F06. C334
Acid-Base Extractions. Partition (or Distribution) Coefficient
Refer also to pp. 58-60 in your lab text
Partition (or distribution) coefficient kp:
kp = solubility of compound A in solvent 2 / solubility of compound A in solvent 1
or kp = (g/ml) organic layer / (g/ml) aqu. layer
Example:
Solubility of compound A in ether: 20.0 g/100 ml
Solubility of compound A in water: 10.0 g/100 ml
kp ?
kp = 20.0 g/100 ml ether / 10.0 g/100 ml water = 2.00
Problem 1: How much A total is extracted, if 100 ml of an aqueous solution of
2.5 grams of A are extracted twice with 100 ml of ether, using a fresh portion
of ether each time?
a) First extraction:
kp : (x g / 100ml) organic layer / [ (2.5 g - x)] / 100ml) aqu. layer = 2.00
Solving for x: x = 2.00 (2.5 –x) = 5.0 - 2.00 x ; 3.0 x = 5.0; x = 1.7
1.7 g of A are extracted in the ether layer after the first extraction.

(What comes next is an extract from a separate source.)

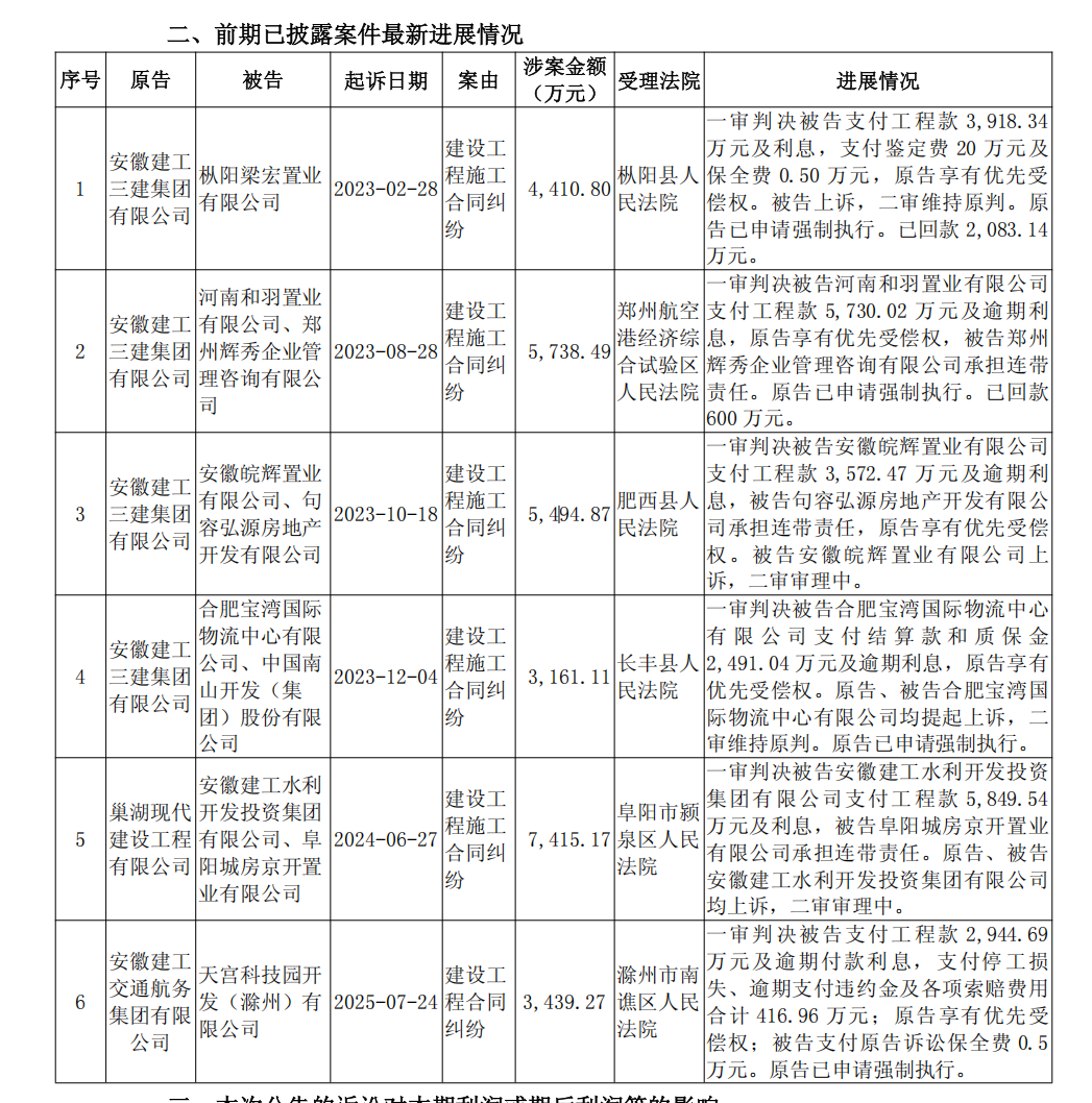 同时,公告中披露了前期案件最新进展情况,共涉及6起诉讼,其中5起安徽建工子公司作为原告,涉案金额合计22244.51万元,1起安徽建工子公司作为被告,涉案金额7415.17万元。前期案件中,2起案件二审再审,4起申请强制执行。
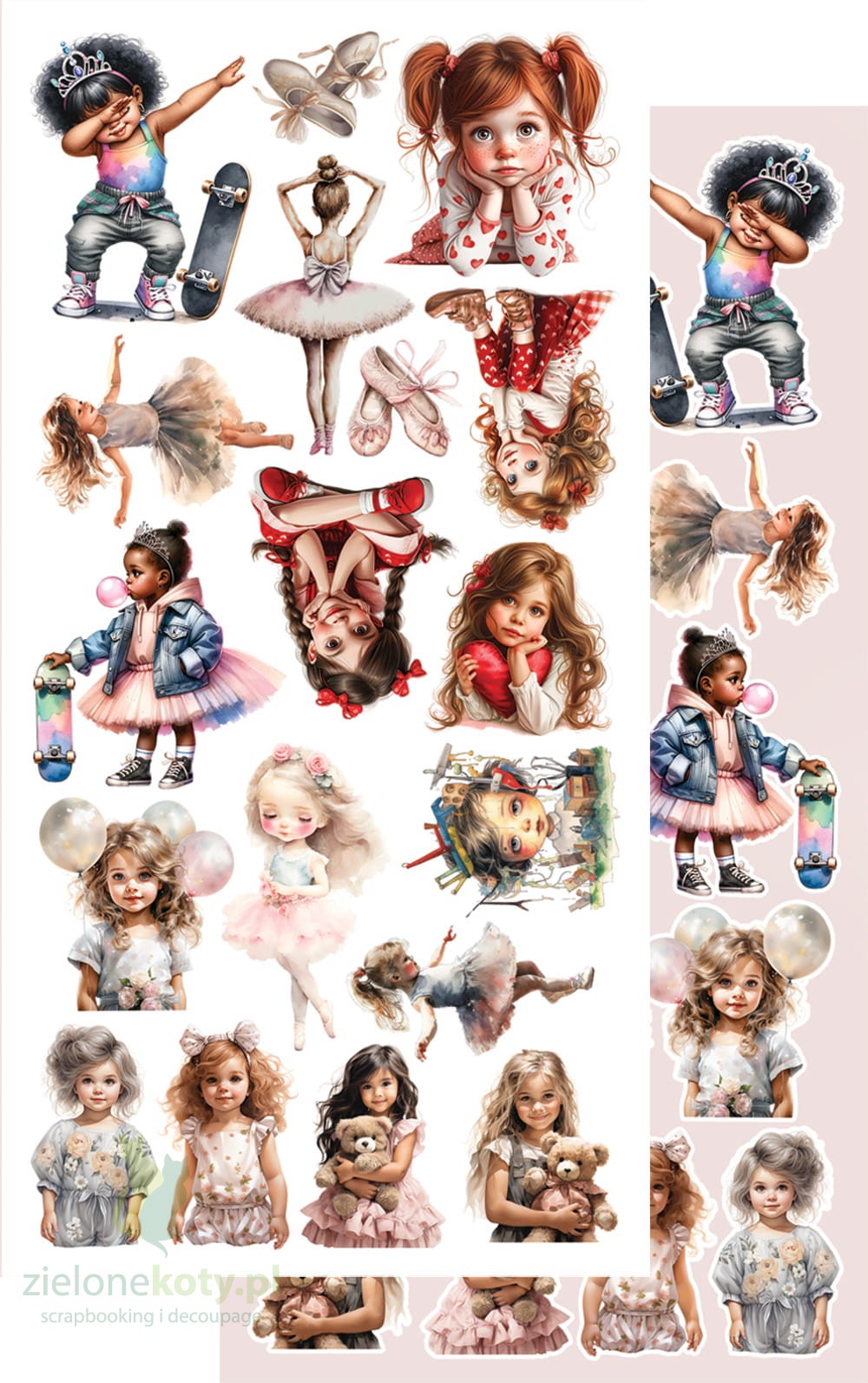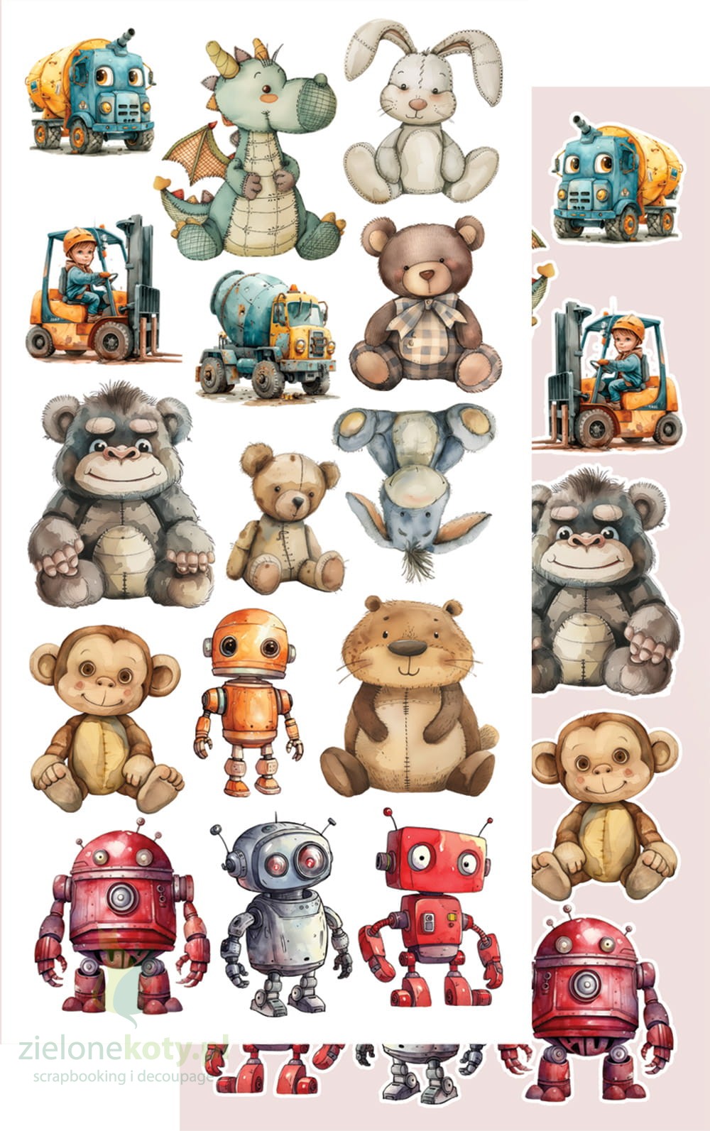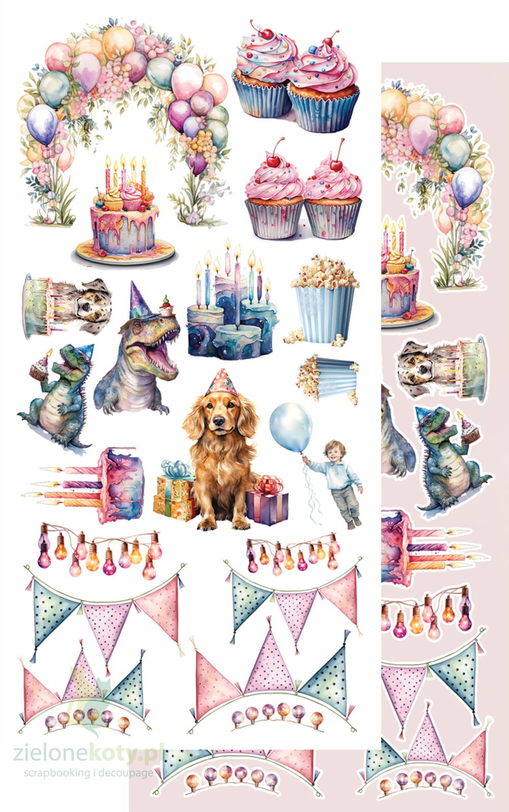 W skład zestawu wchodzi 7 dwustronnych papierów z elementami do samodzielnego wycięcia

Therefore, (2.5 – 1.7) g or 0.8 g are left in the aqueous layer.
b) Second extraction:
kp : (x g / 100ml) organic layer / [ (0.8 g - x)] / 100ml) aqu. layer = 2.00
Solving for x: x = 2.00 (0.8 –x) = 1.6 -2.00 x ; 3.0 x = 1.6; x = 0.53
0.53 g of A are extracted in the ether layer after the second extraction.
Total of A extracted: (1.7 + 0.53) g = 2.2 g
Problem 2: How much A would be extracted if instead of two consecutive
extractions as in Problem 1 only one extraction, but with a volume of 200
ml of ether were performed?
kp : (x g / 200ml) organic layer / [ (2.5 g - x)] / 100ml) aqu. layer = 2.00
Solving for x: x = 2.00 [2 (2.5 –x)] = 2.00(5.0 -2x) ; 5.0 x = 10.0; x = 2.0
In Problem 2 only 2.0 g of A is extracted which is less than in problem 1!